*AIM OF THE EXERCISE*
These records contain pictures, which must be left out; copy exactly the lines from the one with "柔らかな手触りのワイドリブタートルネックニット。" up to and including the one with "Every setup comes".

[Stored entries]
————
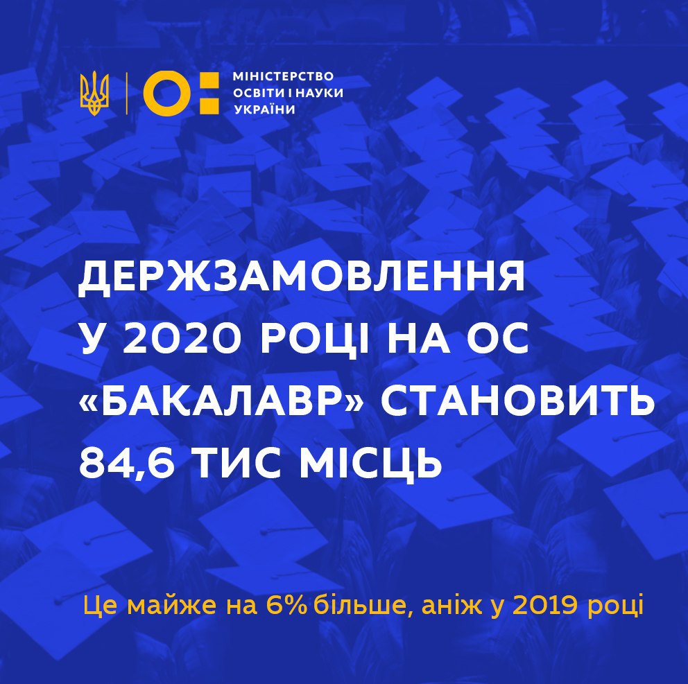 У 2020 році загалом по Україні державне замовлення за освітнім ступенем «Бакалавр» становить 84,6 тис місць (в тому числі за денною формою – 77,6 тис), що на 5,9% більше, ніж у 2019 році.
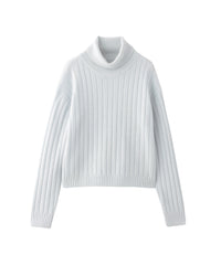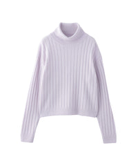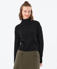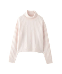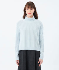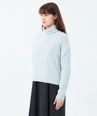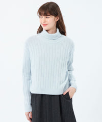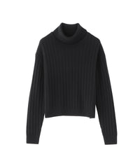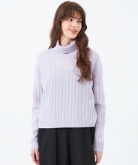 柔らかな手触りのワイドリブタートルネックニット。
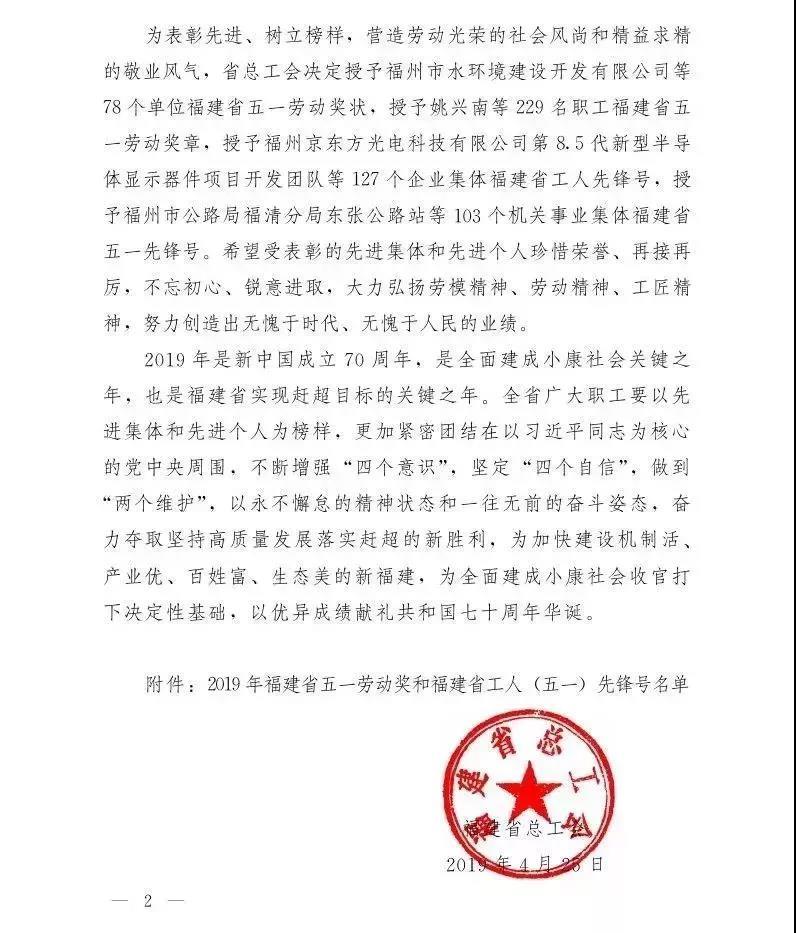 2019年福建省五一勞動(dòng)獎(jiǎng)先進(jìn)集體與個(gè)人名單
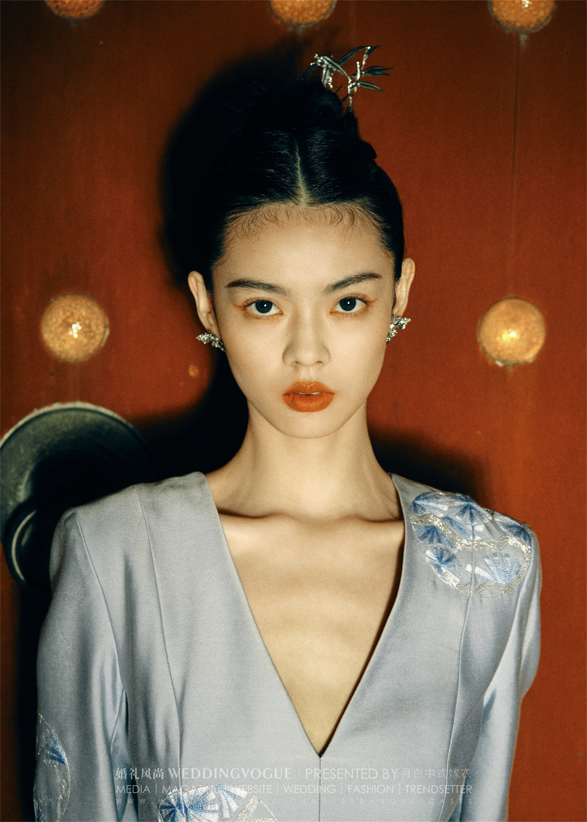 VIGI以及团队的化妆老师,保留了模特的眼睛韵味,以弱化眼妆的形式丢弃了粗黑的眼线妆效,将重点体现在立体的唇部及眉毛妆容之上。同时再结合多套不同风格的中式礼服,利用极简的概念与轻配饰的造型,来表达简约之美。
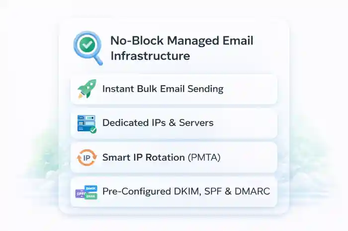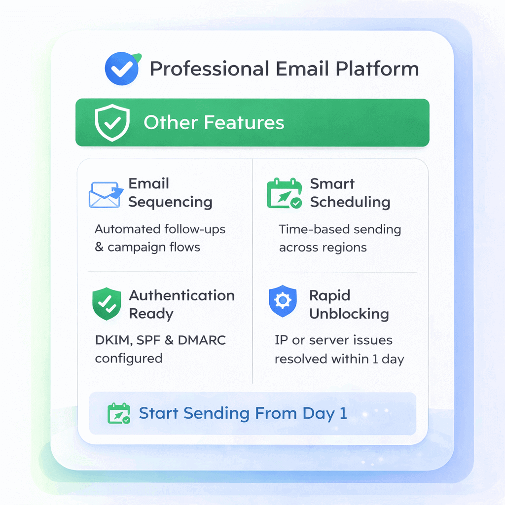 Every setup comes pre-configured with dedicated IPs, servers, SPF, DKIM, and DMARC—fully optimized for high inbox placement. No warm-up delays, no technical setup, and no trial-and-error. You’re ready to send from Day 1.
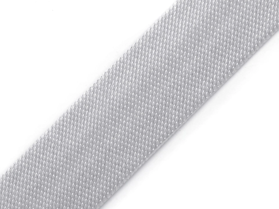 Атласная косая бейка светло-серого цвета шириной 15 мм. Косая бейка - это прикладная лента с заблаговременно подогнутыми припусками. Своим названием косая бейка обязана способу производства из ткани, нарезанной под углом в 45 градусов. Используется в качестве отделки, для обработки бортовых срезов, горловины, низа рукавов в женской одежде. Бейка достаточно мягкая, легко укладывается по закругленным срезам без складок и перекосов.
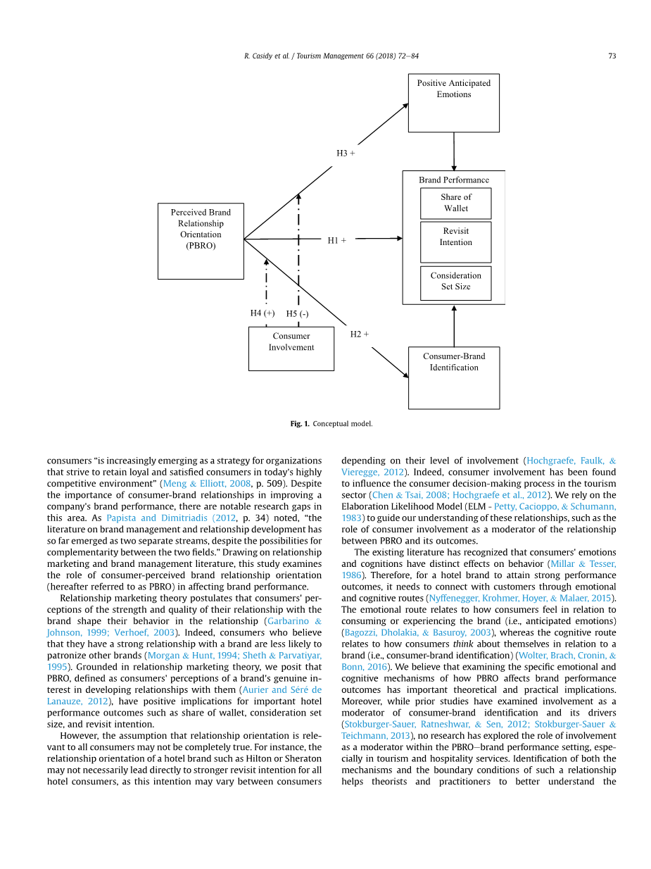 现有文献已经认识到,消费者的情感和认知对行为有明显的影响。因此,要使酒店品牌获得出色的绩效结果,就需要通过情感和认知途径与客户建立联系。情感途径与消费者对消费或体验品牌的感受(即预期的情感)有关,而认知途径与消费者对品牌的看法有关(即消费者品牌识别)。我们认为,研究PBRO如何影响品牌绩效结果的特定情感和认知机制具有重要的理论和实践意义。此外,虽然先前的研究已经审查了作为消费者品牌识别及其驱动力的调节者的参与,尚无研究探讨参与作为PBRO品牌绩效设置中的主持人的作用,尤其是在旅游和酒店服务中。识别这种关系的机制和边界条件,有助于理论家和从业人员更好地了解在不同程度的消费者参与下,消费者认知和情感途径对与品牌相关的结果的有效性。
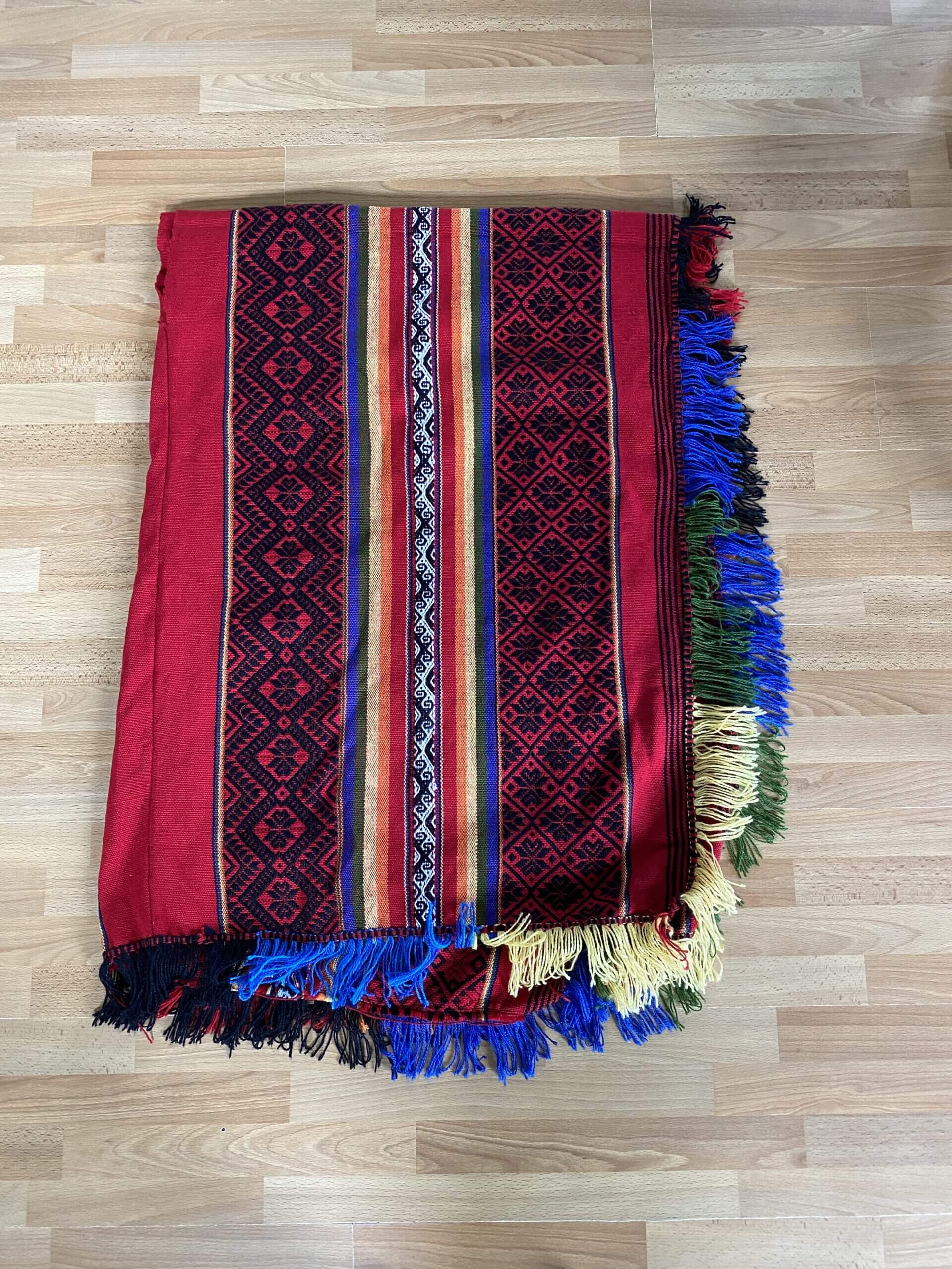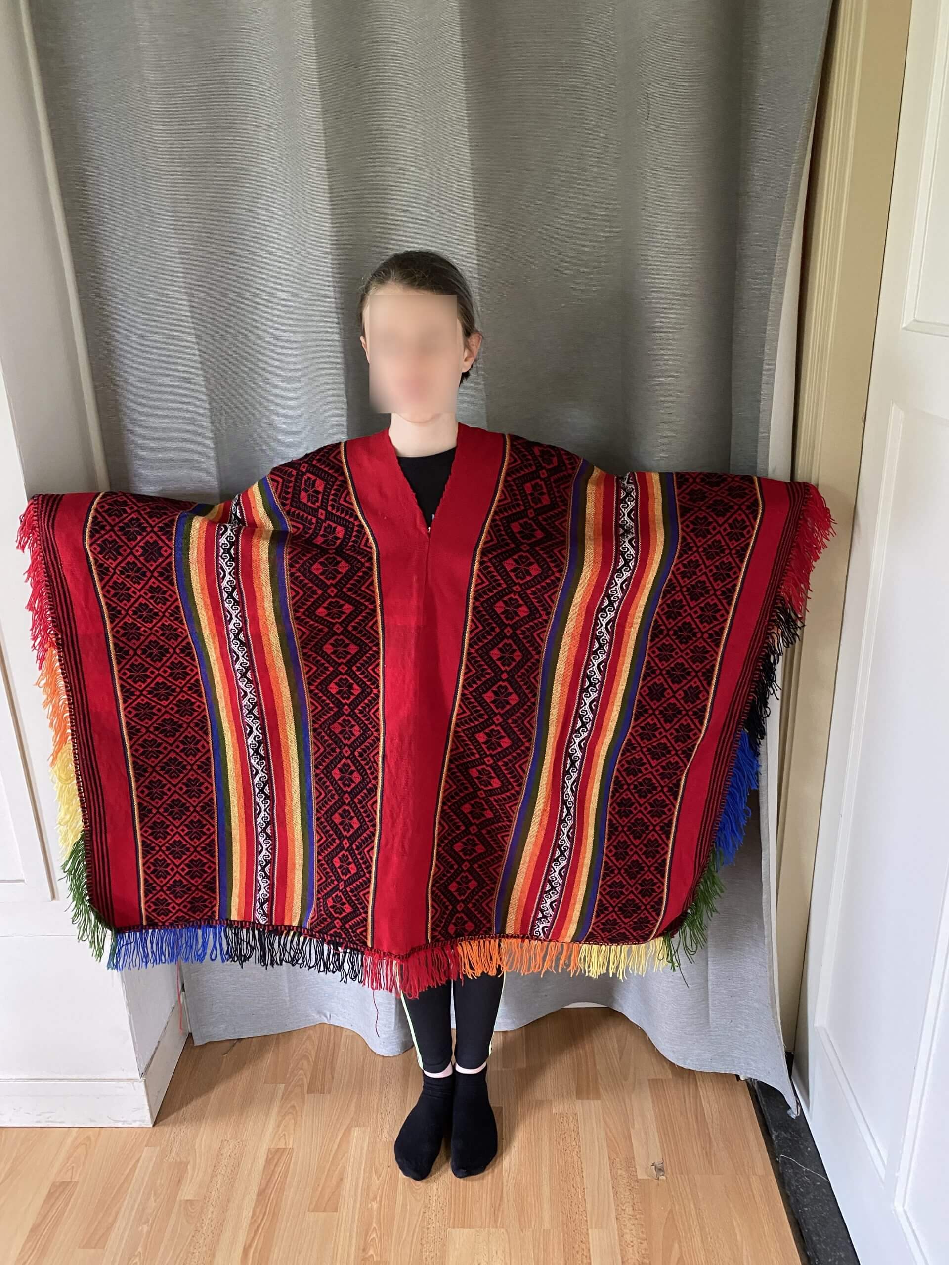 Een prachtige traditionele veelkleurige dames poncho met kleurige strepen en patronen om te dragen tijdens Sjamanistische rituelen.
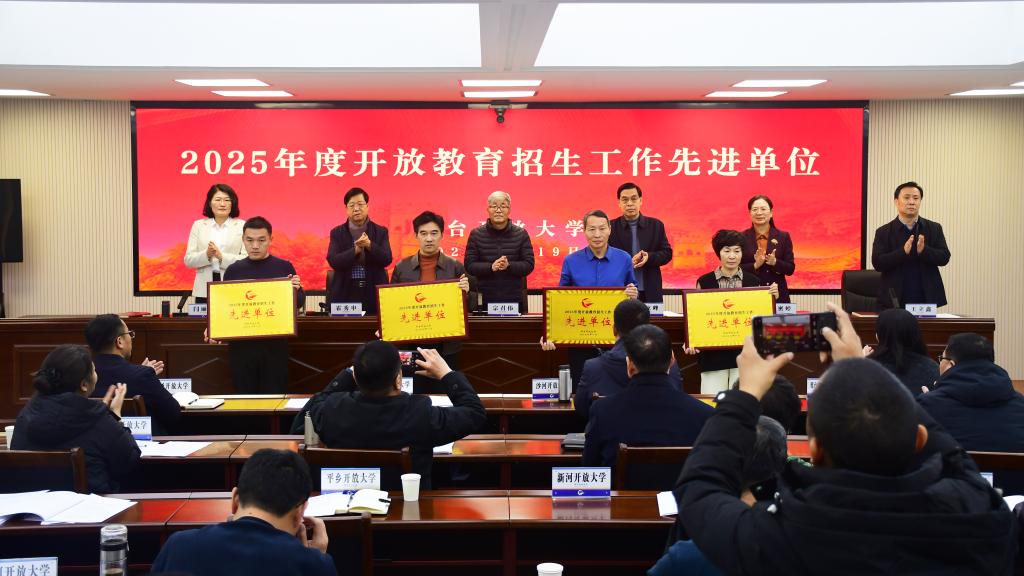 下午,邢台开放大学党委书记宗召伟主持会议。会议首先对2025年度招生工作先进单位进行了表彰。
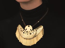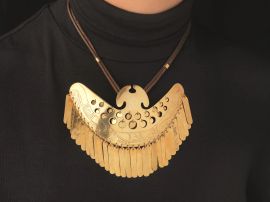 impreziosita da un grande pendente in oro giallo a forma di aquila stilizzata di cm 12x9 circa, con motivi geometrici incisi e medagliette pendenti, punzone 750, laccio in cuoio con chiusura in oro, lungh. cm 39, g complessivi 82
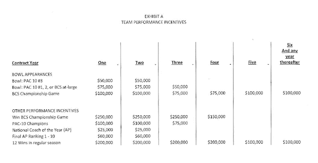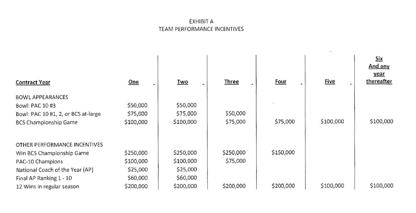 12/20/12. Here are the contracts for AD Rob Mullens and Coach Chip Kelly, which include bonuses for bowl appearances and wins. If UO had agreed to a plea bargain over the Lyles recruiting infractions that included vacating some of these wins, could UO have clawed back the bonuses? I’ve got a question on that in to UO’s VPFA Jamie Moffitt. Due diligence, I think the lawyers call this. More later.
————
*SOLUTION FOR THIS TASK*
 柔らかな手触りのワイドリブタートルネックニット。
 2019年福建省五一勞動(dòng)獎(jiǎng)先進(jìn)集體與個(gè)人名單
 VIGI以及团队的化妆老师,保留了模特的眼睛韵味,以弱化眼妆的形式丢弃了粗黑的眼线妆效,将重点体现在立体的唇部及眉毛妆容之上。同时再结合多套不同风格的中式礼服,利用极简的概念与轻配饰的造型,来表达简约之美。
 Every setup comes pre-configured with dedicated IPs, servers, SPF, DKIM, and DMARC—fully optimized for high inbox placement. No warm-up delays, no technical setup, and no trial-and-error. You’re ready to send from Day 1.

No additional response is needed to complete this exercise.